### Work instructions
Everything below from the line with "3SE51100AA001AG0 Siemens 3SE51100AA001AG0" through the line with "Một số đoạn" should be copied exactly, and nothing else; leave out the pictures.

### Stored data
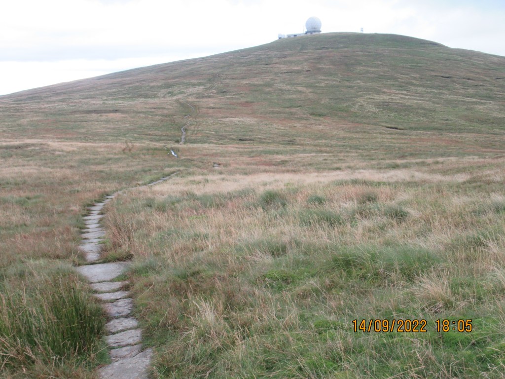 The next climb up takes me to the science fiction radar station on Great Dun Fell, followed by a descent and then another climb up to Little Dun Fell (841m). Just beyond the summit I find a good wild camping spot and decide not to walk on to the next peak – Cross Fell itself: the main event for which the last three peaks have been mere support acts. So I don’t quite make it to the highest peak today but I can almost touch it from here, and I’ll tackle it with fresh legs in the morning.
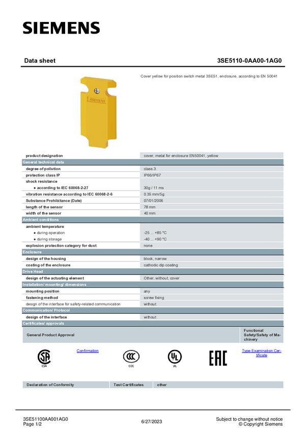 3SE51100AA001AG0 Siemens 3SE51100AA001AG0 3SE5110-0AA00-1AG0 Pokrywa 1 szt.
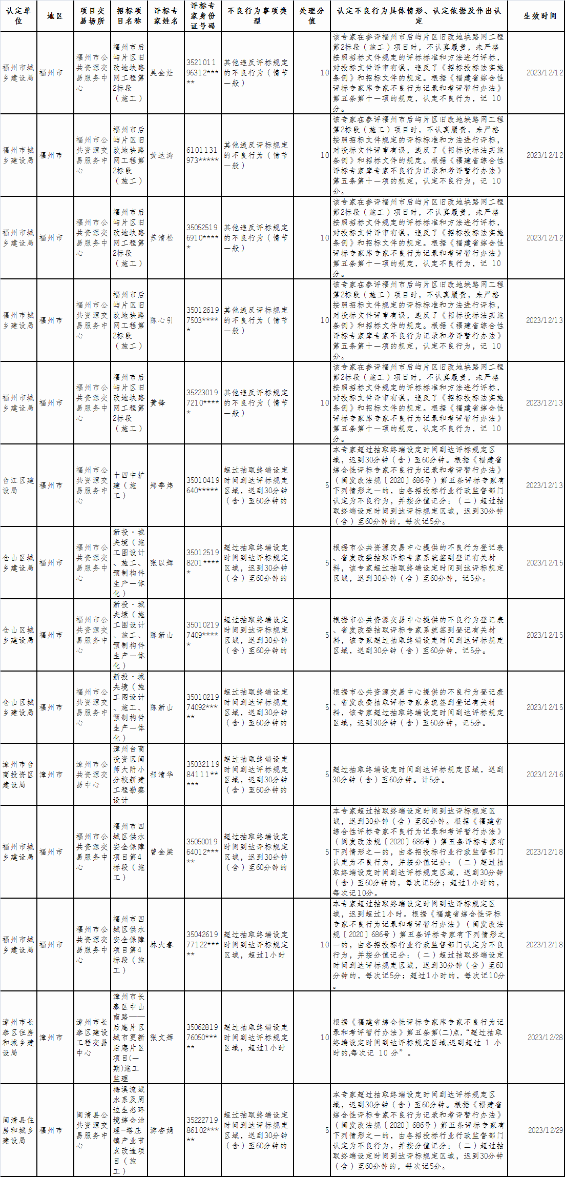 福建省評標(biāo)專家不良行為公示(2023年12月)
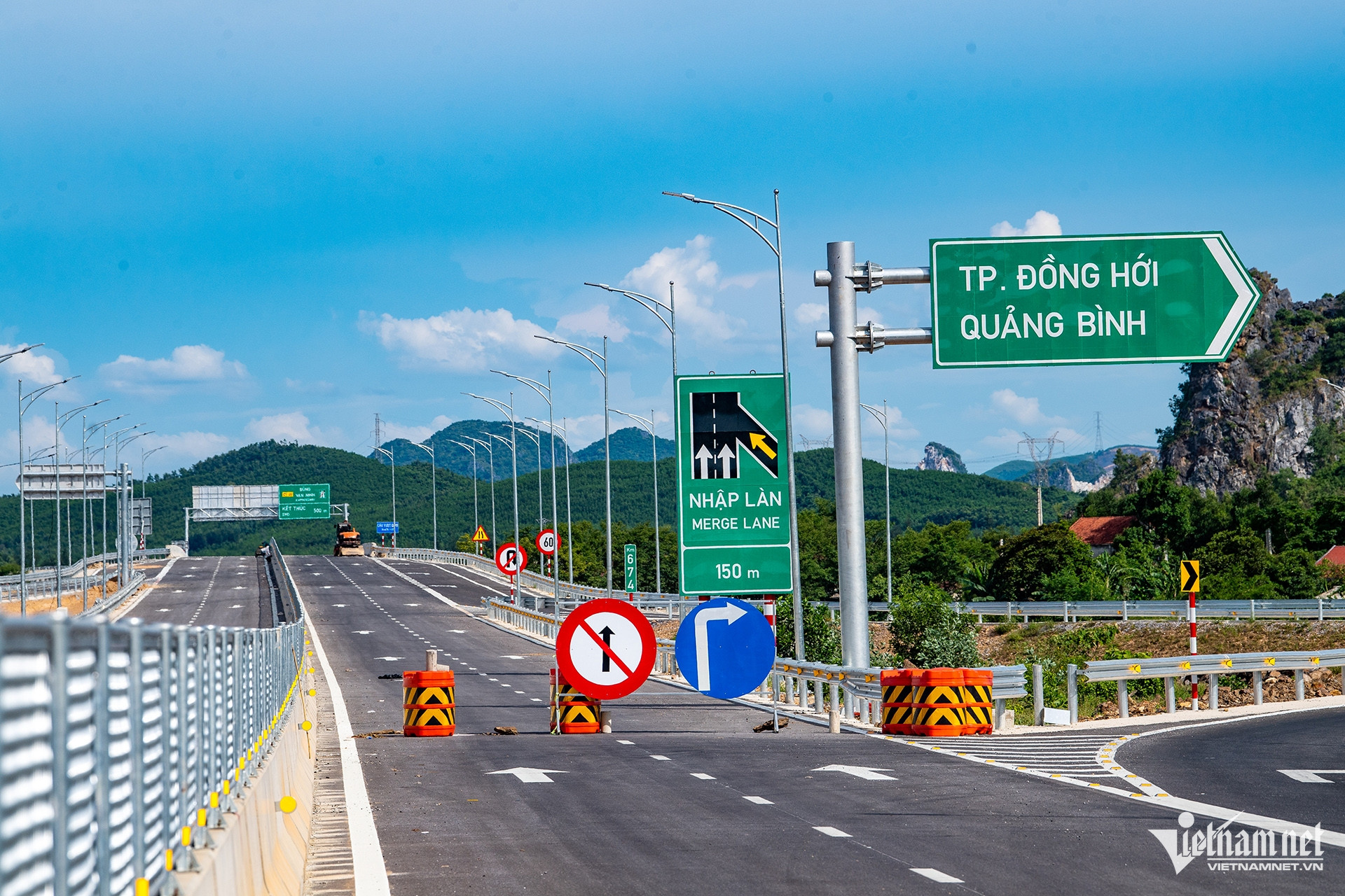 Một số đoạn của cao tốc Vạn Ninh - Cam Lộ đã cho phép phương tiện chạy nhưng khi đến khu vực có chốt chặn công trường phải đi sang hướng đường Hồ Chí Minh để tiếp tục lưu thông.
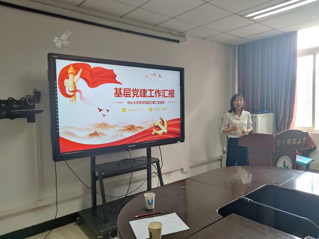 中山大学农学院教工第二党支部宣传委员魏蜜以“学党史、办实事”为主题介绍了支部建设情况。教工二支部深入基层调研,为人民解决实际需求,结合农学专业,启动河南省平舆县砂姜黑土综合治理科技攻关,开展白芝麻病虫害防控研究,同时,与云南省凤庆县红塘村开展支部共建与技术帮扶,并以创新的帮扶模式,在广东省琴口村打造科技扶贫“一村一品”工程,帮助其巩固脱贫攻坚成果,进一步助力乡村振兴。
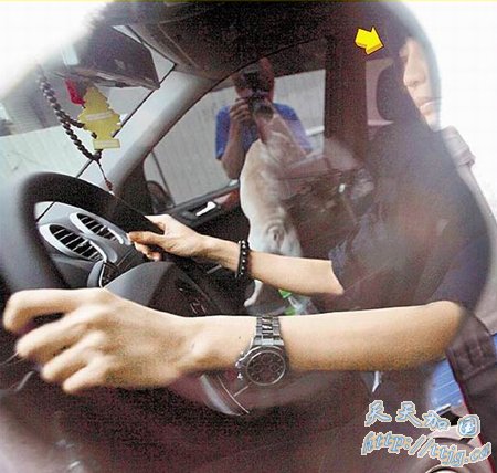 王心凌(箭头处)昨下午开车载爱犬回老家闭关疗伤。

### Solution to the exercise
 3SE51100AA001AG0 Siemens 3SE51100AA001AG0 3SE5110-0AA00-1AG0 Pokrywa 1 szt.
 福建省評標(biāo)專家不良行為公示(2023年12月)
 Một số đoạn của cao tốc Vạn Ninh - Cam Lộ đã cho phép phương tiện chạy nhưng khi đến khu vực có chốt chặn công trường phải đi sang hướng đường Hồ Chí Minh để tiếp tục lưu thông.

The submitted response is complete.